Not sure how to interpret this question or where to start.
$\text{Assuming that the equation}$ $$F(x,y,z) = 0$$ $\text{defines} z \text{implicitly as a differentiable function of} \: x \: \text{and} \: y \: \text{and that}$ $$F_{zx} = F_{xz}$$ $\text{show that}$ $$\frac{\partial ^2 z}{\partial x^2} = \frac{-(F_{z})^2 F_{xx} + 2F_{z}F_{x}F_{xz} - (F_{x})^2 F_{zz}}{(F_{z})^3}.$$
I have no idea how to use the given equation to imply that. I know how to implicity differentiate functions but when they actually give a function...
Also, from their definition, it means that this is true right?
$z \equiv z(x,y)$
(We haven't learn the implicit function theorem btw).
A heuristic approach: from $F(x,y,z)=0$, you differentiate in terms of $x$ and $y$ repsectively (just treat $z=z(x,y)$) to get \begin{align} F_x+F_zz_x &= 0 \\ F_y+F_zz_y &=0 \end{align} and you solve $(z_x,z_y)=-\frac1F_z(F_x,F_y)$.
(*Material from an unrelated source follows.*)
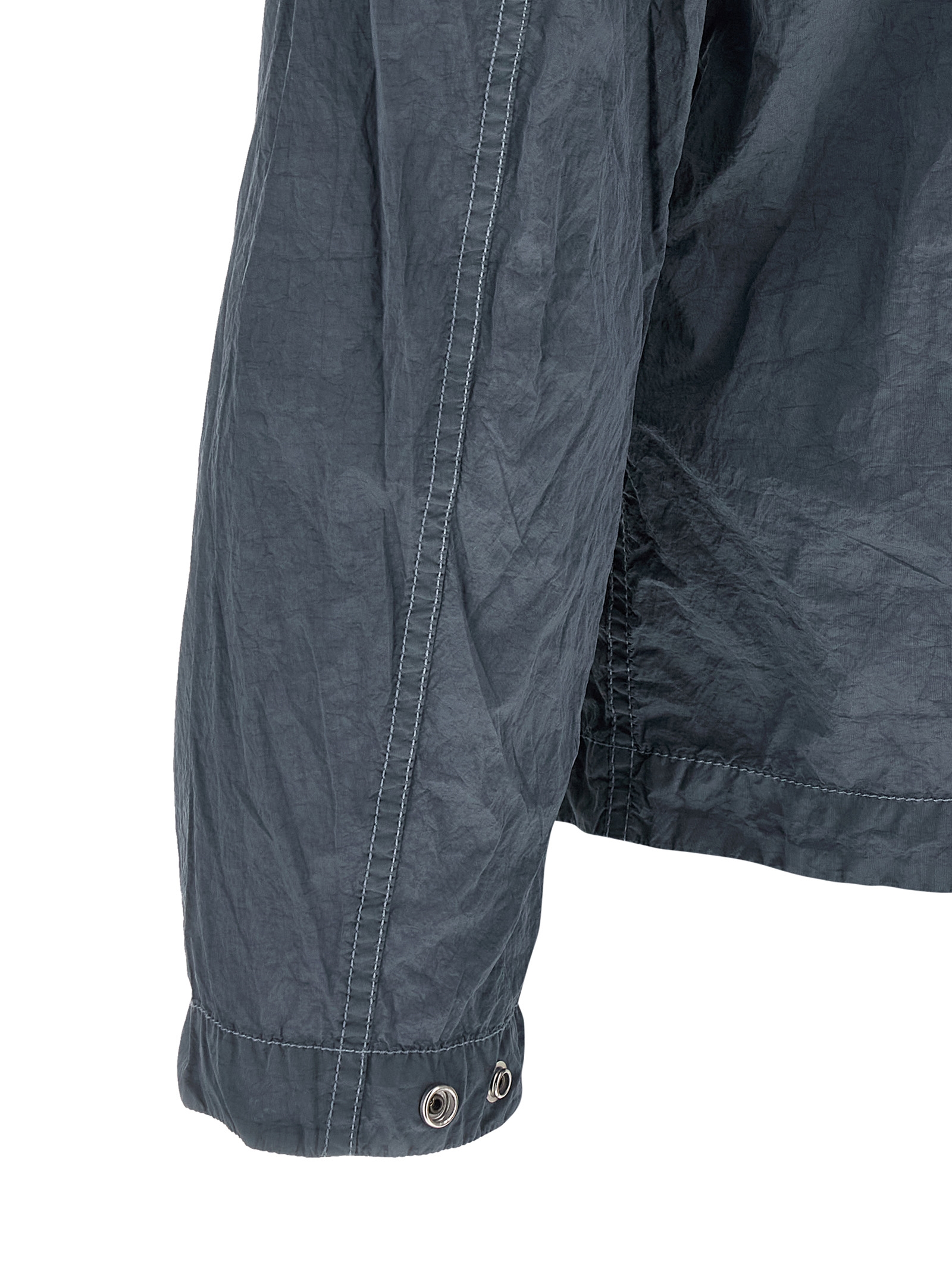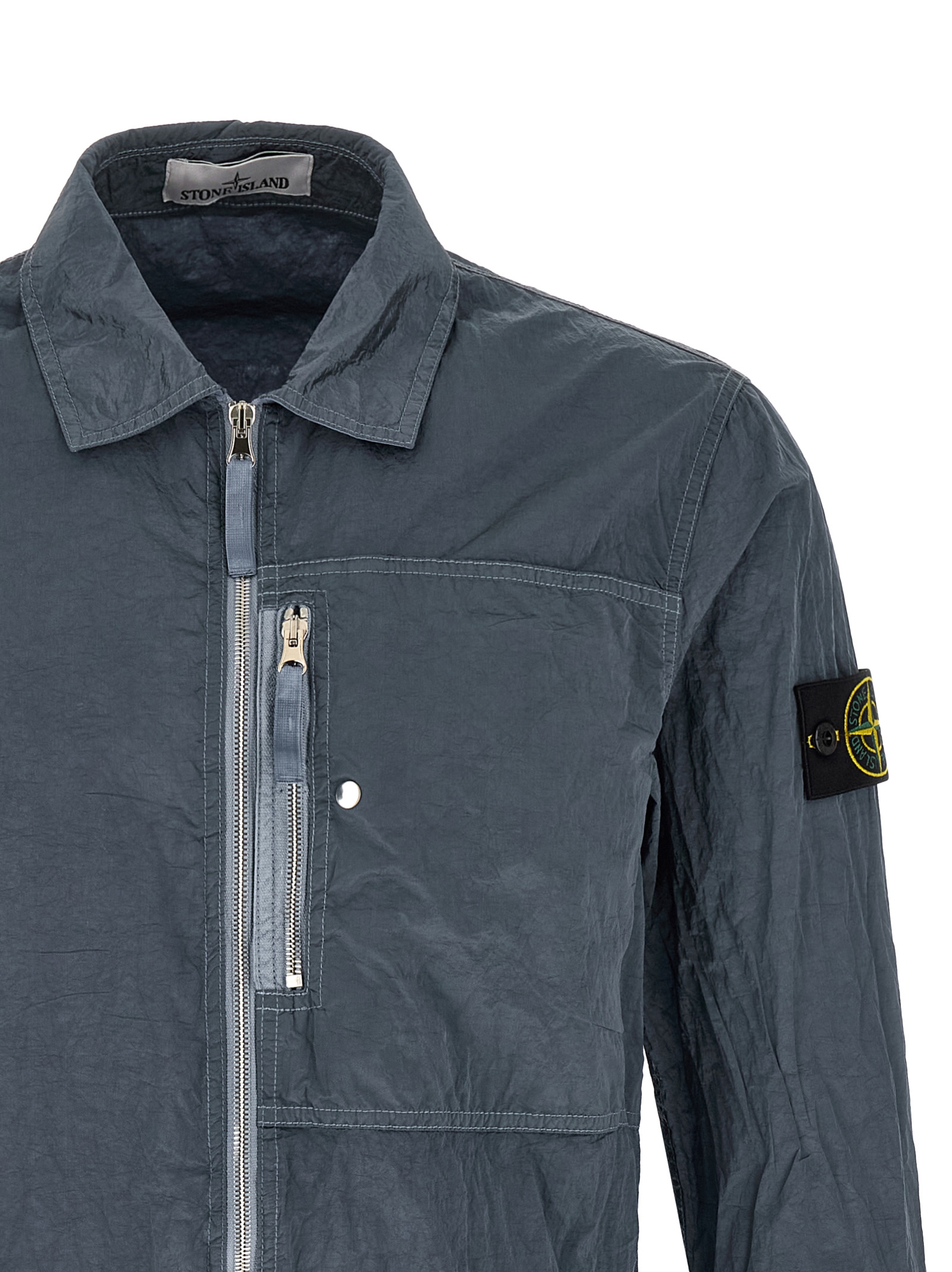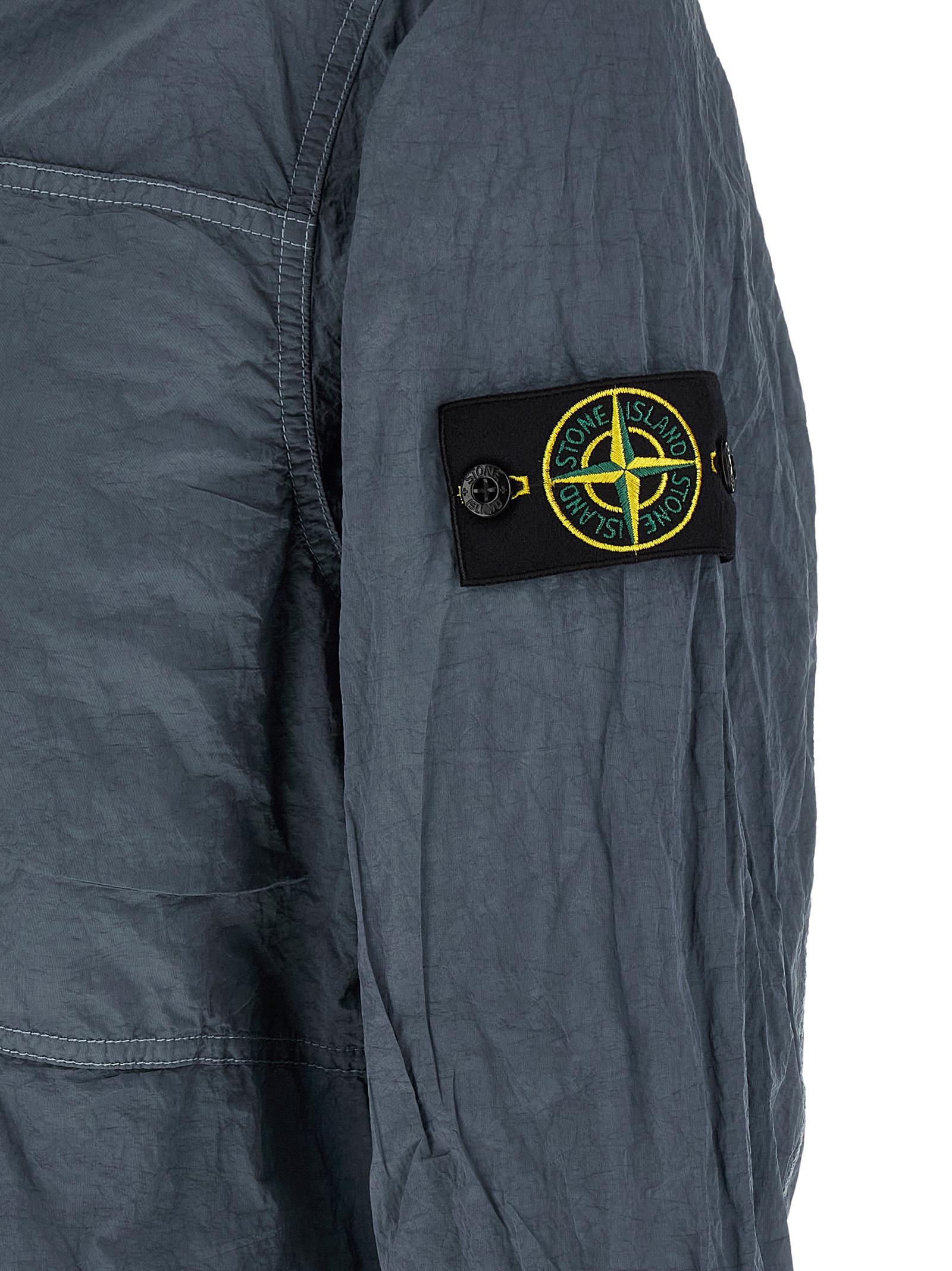 ‘1200038’ overshirt in Stone Island Nylon Metal fabric subjected to a double dyeing process, front zip closure, breast pocket, long sleeves with cuffs and logo badge applied.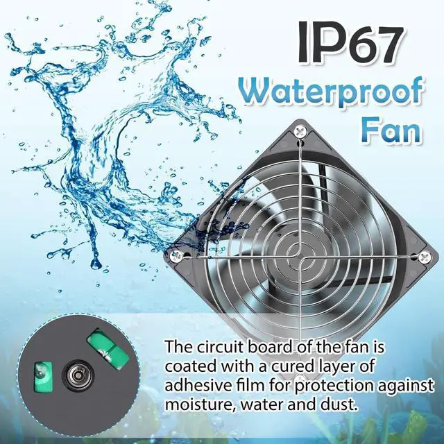 Last Dual Ball Motor: The fan's pcb board and whole motor are iscoated with a cured layer of adhesive film for protection against moisture, water and dust; ip67 fan are designed for maximum airflow and heat dissipation to keep the air circulating ^^ Easy to

Then you differentiate $F_x+F_zz_x=0$ wrt $x$ again to obtain $$F_{xx} + F_{zx}z_x + z_x(F_{xz}+F_{zz}z_x)+F_zz_{xx}=0$$ and you get $z_{xx}$. It turns out $z_y$ is unused, but in general even if you only need the second partial derivative in a particular defining variable, you will still have to differentiate in all the defining variables as all first order partial derivatives can arise later on.